I saw the grievous task which God has given to the sons of men to be afflicted with.
(The Book of Ecclesiastes 1:13 -10)

I remember my father used to say that an important reason for living was preparing
to stay dead for a long time after that. (William Faulkner: As I Lay Dying)

Surely you already know that you can get to know your ancestors on ancestors.com, that you can find every person on the planet through search engines tailored to countries and nations. You probably know that you can check how you will look in old age, look at detailed photo reports of NASA rovers from Mars, listen to the sound of distant planets beyond the solar system, visit all major cities by digital taxis, not to mention Google view, satellite images and public cameras.
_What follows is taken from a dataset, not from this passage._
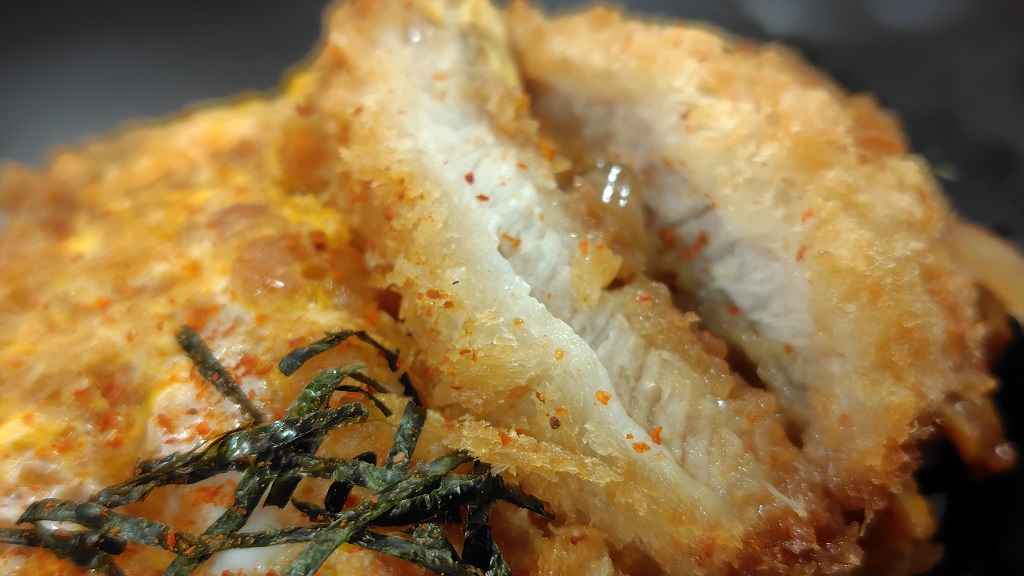 玉子は、フチが焦げ付いているぐらいです。カツ丼の玉子が焦げ付くというのも珍しいのですが、それもタレが少ないせいだと思います。

You know that you can spend thousands of hours on Google meet, watch new movies, visit museums and consume all other content that might interest you on 1.7 billion websites in which 4.5 billion people participate every day, while downloading all information that is currently online would take took million years at a speed of 44 megabytes per second ...

But who are you really?

Photographer Luka Klikovac gives an unexpected answer to this question in his new exhibition titled Manifesto using a hybrid of an educational doll and self-shaped humanoid figure, painted with bright, warning colors that we find both in nature, as well as in signaling for nuclear danger. This elegant anthropomorphic figure illustrates classical ways of committing suicide in front of our very eyes taking place in meticulously built and consistently cinematographically lit spaces of apartments, garages and workshops. Most of the photos are shot during the socalled movie night, and the models of the rooms are surrounded by unspecified garden and park greenery, which reinforces the impression of dramatic isolation of each individual suicidal event.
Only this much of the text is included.